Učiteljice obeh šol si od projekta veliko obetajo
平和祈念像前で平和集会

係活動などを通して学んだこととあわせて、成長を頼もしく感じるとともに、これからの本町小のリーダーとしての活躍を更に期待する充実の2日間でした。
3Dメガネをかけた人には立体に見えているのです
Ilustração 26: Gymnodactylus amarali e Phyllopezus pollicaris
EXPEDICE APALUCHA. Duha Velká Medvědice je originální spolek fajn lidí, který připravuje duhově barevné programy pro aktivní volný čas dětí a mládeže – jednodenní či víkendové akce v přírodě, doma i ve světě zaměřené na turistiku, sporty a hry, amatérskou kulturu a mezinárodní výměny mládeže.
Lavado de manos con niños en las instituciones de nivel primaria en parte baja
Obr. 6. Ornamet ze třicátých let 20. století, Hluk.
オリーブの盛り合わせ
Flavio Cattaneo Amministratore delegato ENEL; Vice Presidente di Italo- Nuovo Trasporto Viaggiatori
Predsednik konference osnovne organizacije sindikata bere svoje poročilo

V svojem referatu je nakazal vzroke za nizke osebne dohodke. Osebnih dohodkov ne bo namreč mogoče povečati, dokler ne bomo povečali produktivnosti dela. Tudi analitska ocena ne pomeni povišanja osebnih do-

---+---

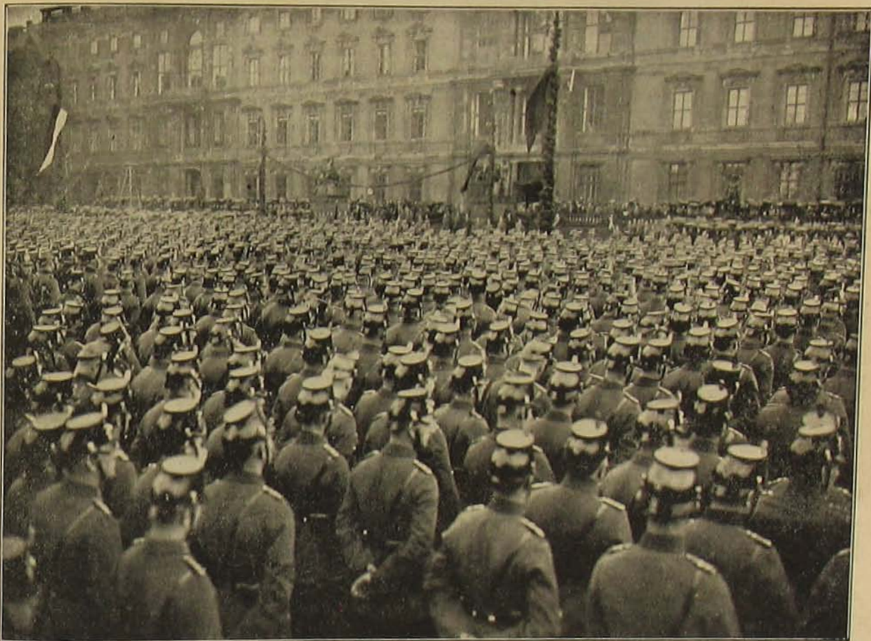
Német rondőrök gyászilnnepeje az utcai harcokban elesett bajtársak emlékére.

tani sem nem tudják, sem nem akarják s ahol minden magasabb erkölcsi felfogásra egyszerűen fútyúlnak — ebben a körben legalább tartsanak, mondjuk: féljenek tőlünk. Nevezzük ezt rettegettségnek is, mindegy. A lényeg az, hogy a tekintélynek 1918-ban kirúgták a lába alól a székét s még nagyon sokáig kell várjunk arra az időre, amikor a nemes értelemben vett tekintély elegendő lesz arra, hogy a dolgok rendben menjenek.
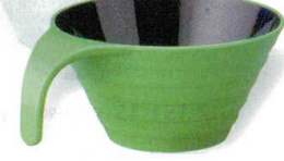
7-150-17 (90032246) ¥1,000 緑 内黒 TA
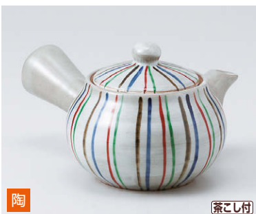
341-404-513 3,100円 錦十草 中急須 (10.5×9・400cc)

---+---

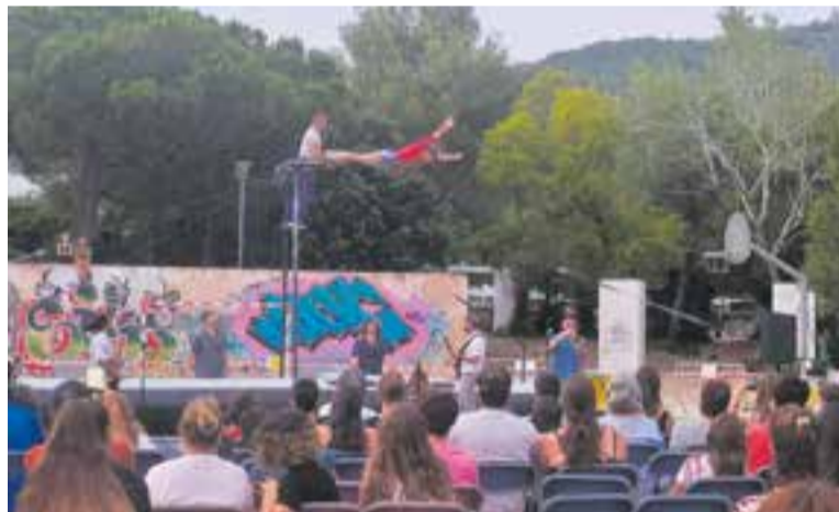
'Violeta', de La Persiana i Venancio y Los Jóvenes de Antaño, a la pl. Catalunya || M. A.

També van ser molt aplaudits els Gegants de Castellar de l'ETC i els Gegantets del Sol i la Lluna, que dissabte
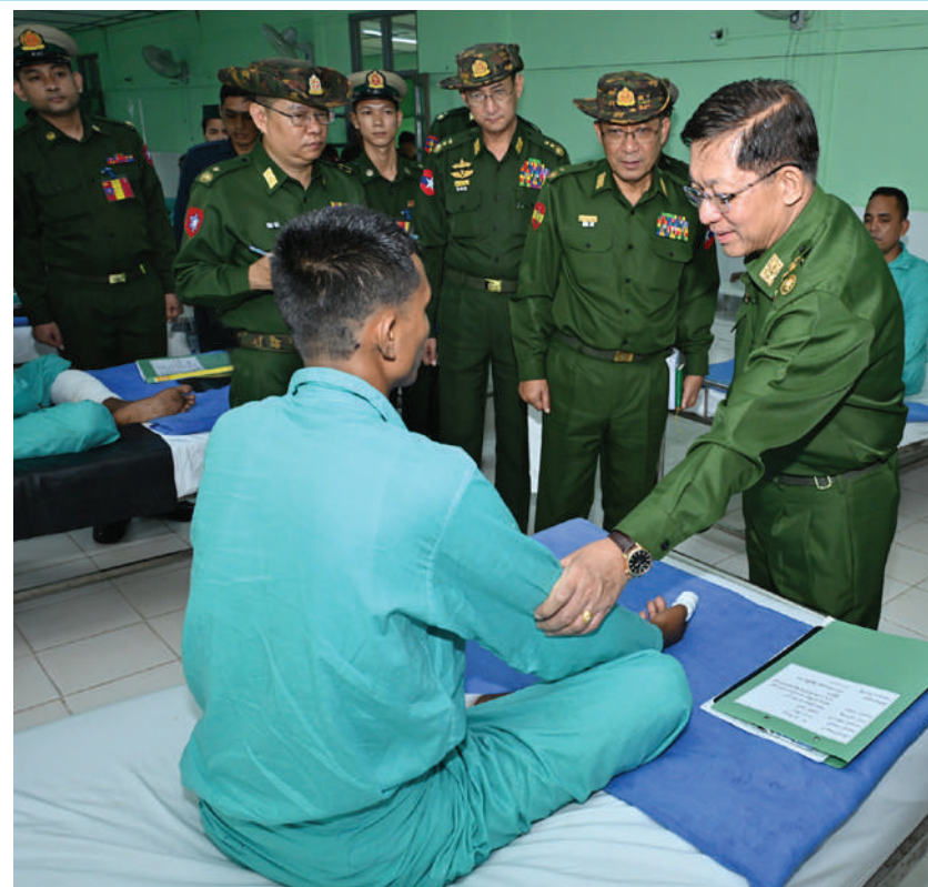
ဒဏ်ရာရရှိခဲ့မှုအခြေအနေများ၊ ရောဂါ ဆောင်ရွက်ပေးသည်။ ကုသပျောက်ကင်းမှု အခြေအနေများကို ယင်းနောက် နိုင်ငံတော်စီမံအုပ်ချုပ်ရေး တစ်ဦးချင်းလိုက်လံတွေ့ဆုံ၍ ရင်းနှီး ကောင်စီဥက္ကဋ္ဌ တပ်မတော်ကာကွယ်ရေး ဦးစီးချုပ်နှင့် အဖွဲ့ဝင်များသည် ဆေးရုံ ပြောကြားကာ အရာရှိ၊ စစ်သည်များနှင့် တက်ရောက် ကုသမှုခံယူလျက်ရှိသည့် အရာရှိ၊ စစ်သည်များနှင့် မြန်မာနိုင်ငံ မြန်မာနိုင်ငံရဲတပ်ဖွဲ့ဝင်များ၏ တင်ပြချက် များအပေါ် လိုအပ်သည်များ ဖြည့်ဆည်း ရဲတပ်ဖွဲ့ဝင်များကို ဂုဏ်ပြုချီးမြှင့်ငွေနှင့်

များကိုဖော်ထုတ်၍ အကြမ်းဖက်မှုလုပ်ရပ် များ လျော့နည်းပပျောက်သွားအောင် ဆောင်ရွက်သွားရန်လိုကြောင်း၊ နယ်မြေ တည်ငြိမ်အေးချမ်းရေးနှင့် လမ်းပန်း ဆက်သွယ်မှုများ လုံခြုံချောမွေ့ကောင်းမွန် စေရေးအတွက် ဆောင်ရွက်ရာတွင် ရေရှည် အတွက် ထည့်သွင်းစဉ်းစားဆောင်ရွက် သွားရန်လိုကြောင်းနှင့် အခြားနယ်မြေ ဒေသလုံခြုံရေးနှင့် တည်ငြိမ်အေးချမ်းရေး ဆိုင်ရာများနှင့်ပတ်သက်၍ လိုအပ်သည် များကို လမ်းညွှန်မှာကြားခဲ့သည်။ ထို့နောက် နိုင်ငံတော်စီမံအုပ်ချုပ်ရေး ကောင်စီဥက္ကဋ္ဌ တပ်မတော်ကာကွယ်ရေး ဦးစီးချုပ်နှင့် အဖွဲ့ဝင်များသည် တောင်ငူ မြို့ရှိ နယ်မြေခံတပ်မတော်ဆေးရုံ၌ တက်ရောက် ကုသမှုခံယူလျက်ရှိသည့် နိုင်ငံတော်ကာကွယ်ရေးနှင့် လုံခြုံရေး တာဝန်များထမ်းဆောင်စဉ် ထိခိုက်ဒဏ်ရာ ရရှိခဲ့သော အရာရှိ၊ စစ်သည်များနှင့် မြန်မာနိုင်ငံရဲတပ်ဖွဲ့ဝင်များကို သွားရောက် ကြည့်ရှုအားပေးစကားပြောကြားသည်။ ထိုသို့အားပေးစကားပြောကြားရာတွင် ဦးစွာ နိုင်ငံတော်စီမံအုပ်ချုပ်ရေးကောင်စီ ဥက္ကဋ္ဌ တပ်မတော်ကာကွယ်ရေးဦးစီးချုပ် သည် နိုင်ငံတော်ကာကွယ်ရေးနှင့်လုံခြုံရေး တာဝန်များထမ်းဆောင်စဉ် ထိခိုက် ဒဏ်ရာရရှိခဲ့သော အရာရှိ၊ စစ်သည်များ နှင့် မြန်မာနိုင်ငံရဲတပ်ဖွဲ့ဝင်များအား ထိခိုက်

---+---

Task prompt => All that belongs in the answer is the run of lines above from the line containing "Učiteljice obeh šol" through the line containing "V svojem referatu", exactly as written.

Response =>
Učiteljice obeh šol si od projekta veliko obetajo
平和祈念像前で平和集会

係活動などを通して学んだこととあわせて、成長を頼もしく感じるとともに、これからの本町小のリーダーとしての活躍を更に期待する充実の2日間でした。
3Dメガネをかけた人には立体に見えているのです
Ilustração 26: Gymnodactylus amarali e Phyllopezus pollicaris
EXPEDICE APALUCHA. Duha Velká Medvědice je originální spolek fajn lidí, který připravuje duhově barevné programy pro aktivní volný čas dětí a mládeže – jednodenní či víkendové akce v přírodě, doma i ve světě zaměřené na turistiku, sporty a hry, amatérskou kulturu a mezinárodní výměny mládeže.
Lavado de manos con niños en las instituciones de nivel primaria en parte baja
Obr. 6. Ornamet ze třicátých let 20. století, Hluk.
オリーブの盛り合わせ
Flavio Cattaneo Amministratore delegato ENEL; Vice Presidente di Italo- Nuovo Trasporto Viaggiatori
Predsednik konference osnovne organizacije sindikata bere svoje poročilo

V svojem referatu je nakazal vzroke za nizke osebne dohodke. Osebnih dohodkov ne bo namreč mogoče povečati, dokler ne bomo povečali produktivnosti dela. Tudi analitska ocena ne pomeni povišanja osebnih do-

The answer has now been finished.